Assessing the impact of mining through remote sensing: A technical perspective

We all understand that mining has an adverse impact on the environment, which is why it needs to be objectively and continuously monitored. To this effect, keeping an eye on the dynamics of land use and cover is necessary. Spaceborne observations have made it simpler to detect any changes the landscape may have undergone over time.

This blog post presents a remote sensing-based approach to assess the spatiotemporal impact of mining activities on land use/land cover (LULC). The methodology leverages the time series of satellite imagery for LULC mapping across various timestamps, enabling change detection analysis over multiple decades. It involves the following:

Random Forest classification for LULC mapping

A supervised machine learning algorithm, Random Forest classification, can be employed to classify the satellite imagery. This approach involves training the algorithm on labeled data sets encompassing diverse LULC classes such as settlements, water bodies, active mining areas, vegetation cover, and bare land. The trained model can then be used to classify unknown pixels within the imagery, generating detailed LULC maps for each chosen timeframe.

Change Detection Analysis for Impact Assessment

By performing a comparative analysis of LULC maps generated from different time periods, we can identify and quantify land cover alterations attributable to mining activities. This analysis can reveal the spatial extent of changes, including the expansion of mining areas, degradation of vegetation cover, and conversion of other land cover types.

Quantifying Land Degradation

Change detection maps focusing specifically on vegetation and mining areas are crucial for assessing land degradation.
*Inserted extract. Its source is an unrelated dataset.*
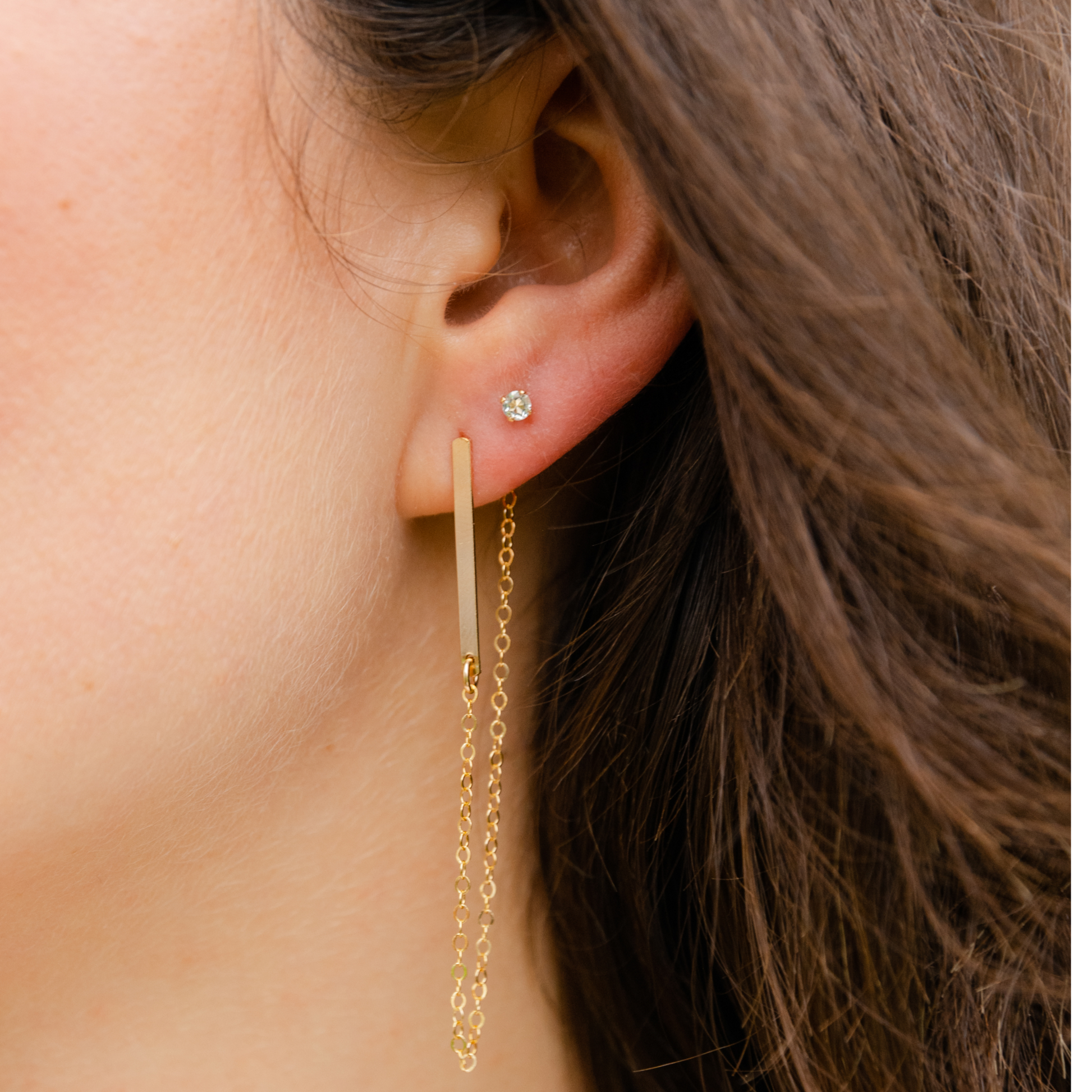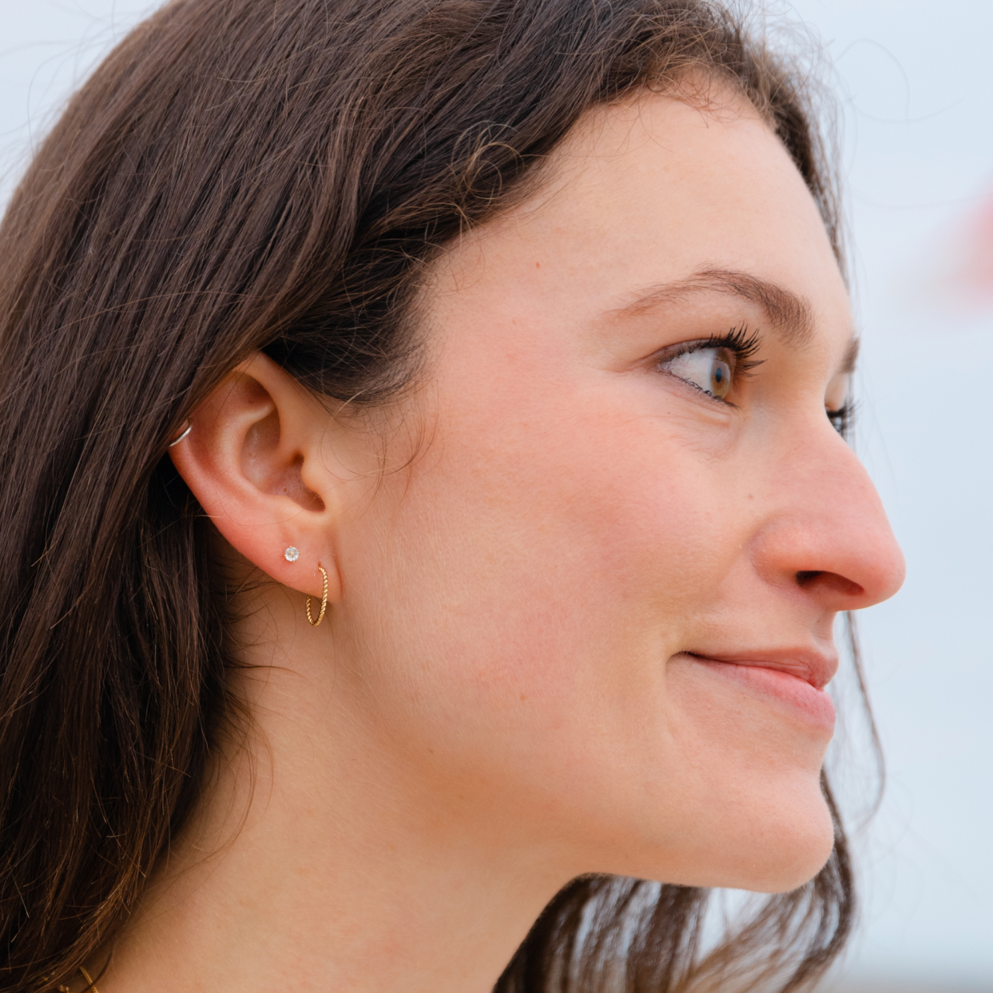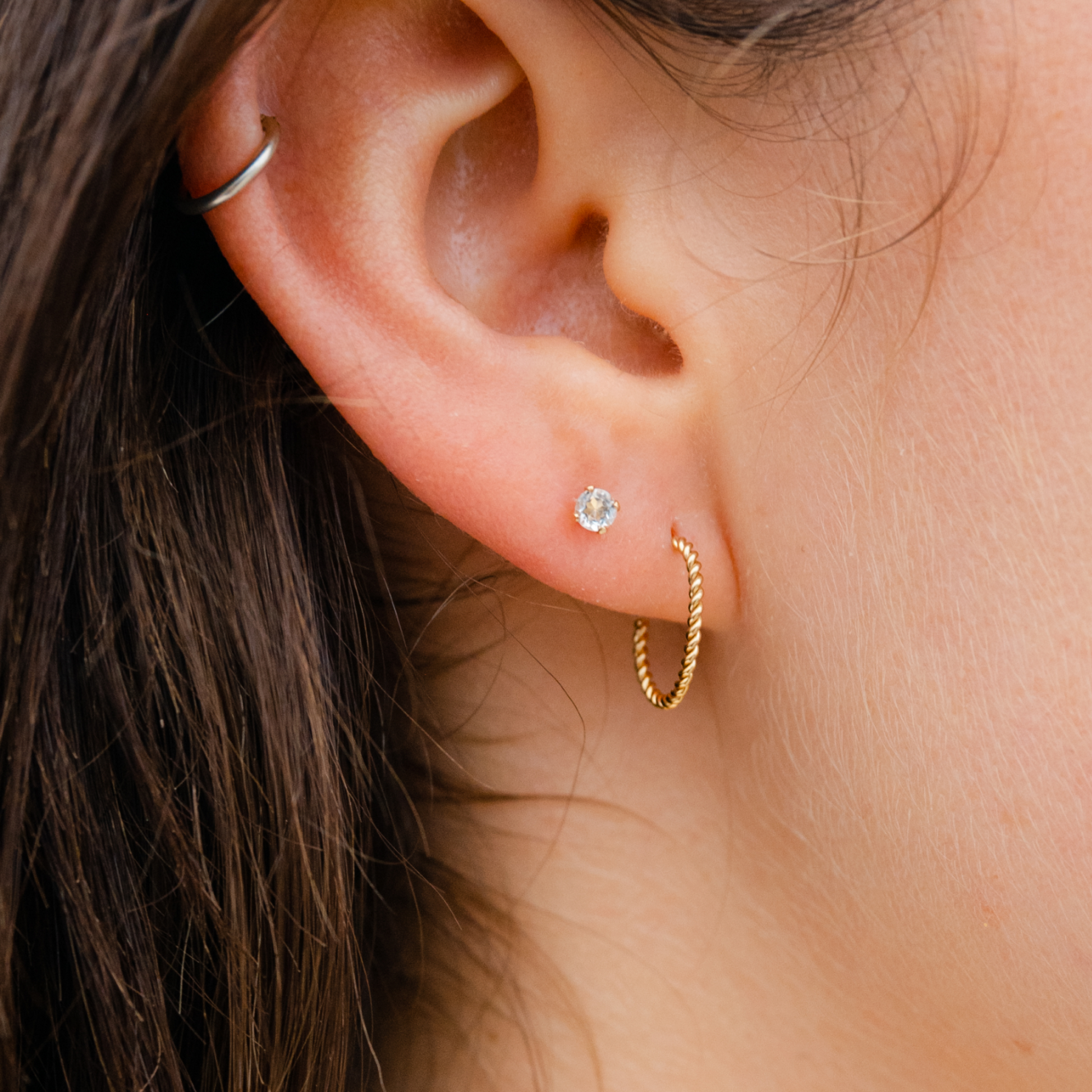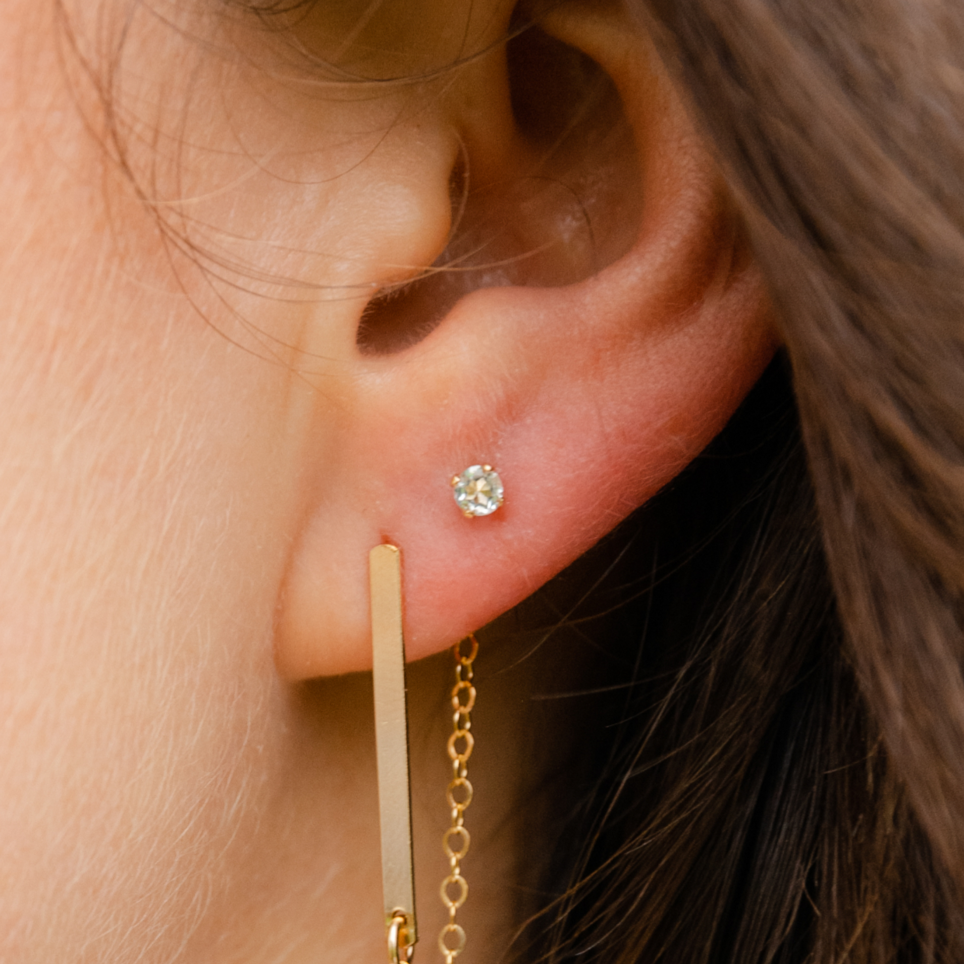 A must-have in any jewelry box. These pale green amethyst (almost clear with a subtle tint of green) stones SPARKLE! A simple look worn alone, or load your ear up if you have multiple piercings.
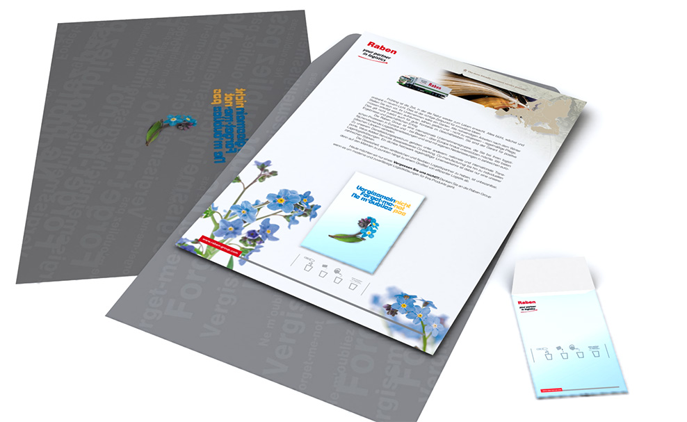 Kampania pod tytułem "Forget me not" skierowana do nowych i potencjalnych klinetów Grupy Raben na rynkach europejskich - nasiona niezapominajki tworzyły kontekst przekazu

We can determine the degree to which mining operations have negatively impacted land health by examining the decline in Normalized Difference Vegetation Index (NDVI) values within or close to active mining zones.

Cudjoe et al. (2024)

Advantages of the Remote Sensing Approach

  • Extensive Spatial Coverage: Satellite imagery offers a synoptic view, enabling the analysis of vast geographical areas encompassing the entire mining landscape and its surrounding regions.
  • Cost-Effective Data Acquisition: Compared to traditional field-based surveys, remote sensing data acquisition proves significantly more cost-effective, particularly for large-scale and diachronic (spanning time) analyses.
  • Temporal Monitoring Capabilities: Regularly acquired satellite imagery facilitates the monitoring of LULC changes in near real-time, allowing for timely assessments and potential interventions.

Conclusion

The remote sensing-based methodology provides a robust and efficient approach for assessing the environmental impact of mining activities. The data obtained complements traditional field observations and environmental monitoring to offer a comprehensive understanding of mining’s footprint on the landscape.

References

Cudjoe, M.N.M., Kwarteng, E.V.S., Anning, E., Bodunrin, I.R. and Andam-Akorful, S.A., 2024. Application of Remote Sensing and Geographic Information System Technologies to Assess the Impact of Mining: A Case Study at Emalahleni. Applied Sciences14(5), p.1739.

Hong, F., He, G., Wang, G., Zhang, Z. and Peng, Y., 2023. Monitoring of Land Cover and Vegetation Changes in Juhugeng Coal Mining Area Based on Multi-Source Remote Sensing Data. Remote Sensing15(13), p.3439.